Submitting a Form Using a Headless Browser in Node.js

I am dealing with an outdated tech stack where form submission returns HTML. The critical information I need is populated by a portlet on my client’s site, but it doesn’t appear when I test the HTML locally. Hence, I can’t just send data directly to the form endpoint. Instead, I need to use a headless browser to submit the form and then extract information from the resulting success or failure page. I plan to create an API endpoint in my Node.js app to accept the form data, submit it via the headless browser, and return the required scraped data. Are there any suitable frameworks available for this purpose? I’ve explored options like Nightwatch and Web Driver, but they seem more focused on automated testing rather than my specific needs.

Hey there! Sounds like an interesting challenge. For submitting forms and scraping data with a headless browser in Node.js, I'd recommend using Puppeteer. It's a great tool for this purpose as it provides a high-level API over the Chrome DevTools Protocol and can run a Chrome instance headless (without GUI).

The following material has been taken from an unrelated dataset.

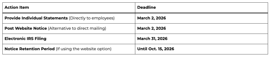 Website Notice Alternative: Instead of mailing every form, you may post a “clear, conspicuous, and easily accessible” notice on your website by March 2, 2026.
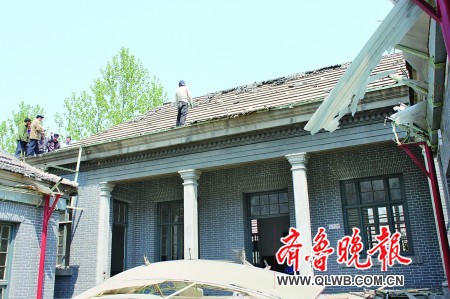 4月30日上午,濟(jì)南市中山公園東片區(qū)拆遷工作在緊張進(jìn)行。經(jīng)四路343號(hào)大院里,有幾個(gè)人翻墻入院爬到屋頂上揭瓦,濟(jì)南市體育局所屬的濟(jì)南市民體質(zhì)監(jiān)測中心工作人員正在阻止他們上到房頂揭瓦!跋旅嫖葑永镞有人呢,怎么就這么拆房?”

Here's a quick setup to get you started:

const puppeteer = require('puppeteer');

(async () => {
const browser = await puppeteer.launch();
const page = await browser.newPage();
await page.goto(‘your_form_url’);

// Fill the form
await page.type('#inputSelector', 'yourData');
// Submit the form
await page.click('#submitSelector');

// Wait for navigation
await page.waitForNavigation();
// Scrape the required data
const result = await page.evaluate(() => {
    return document.querySelector('#targetElement').innerText;
});

console.log(result);
await browser.close();

})();

This should help you submit forms and extract data from pages that render content dynamically.

Hi DancingBird,

Based on your requirements, an effective solution would be utilizing Puppeteer for interacting with the forms and extracting data. Puppeteer is particularly well-suited for handling scenarios where content is loaded dynamically via JavaScript, similar to what you’re describing with your portlet.

Here's how you can implement this in your Node.js app:

const puppeteer = require('puppeteer');

(async () => {
const browser = await puppeteer.launch({ headless: true }); // Run in headless mode
const page = await browser.newPage();
await page.goto(‘your_form_url’);

// Fill in the form
await page.type('#inputSelector', 'yourData');

// Click submit
await page.click('#submitSelector');

// Ensure the page reloads to the expected state
await page.waitForNavigation();

// Extract the desired information
const scrapedData = await page.evaluate(() => {
    return document.querySelector('#targetElement').innerText;
});

console.log(scrapedData);
await browser.close();

})();

This code sets up Puppeteer to automate the form submission and data extraction process efficiently. Keeping it headless boosts performance, and the high-level API simplifies interaction with the Chrome browser instance. This approach aligns perfectly with creating an API endpoint in your Node.js application that handles this task efficiently.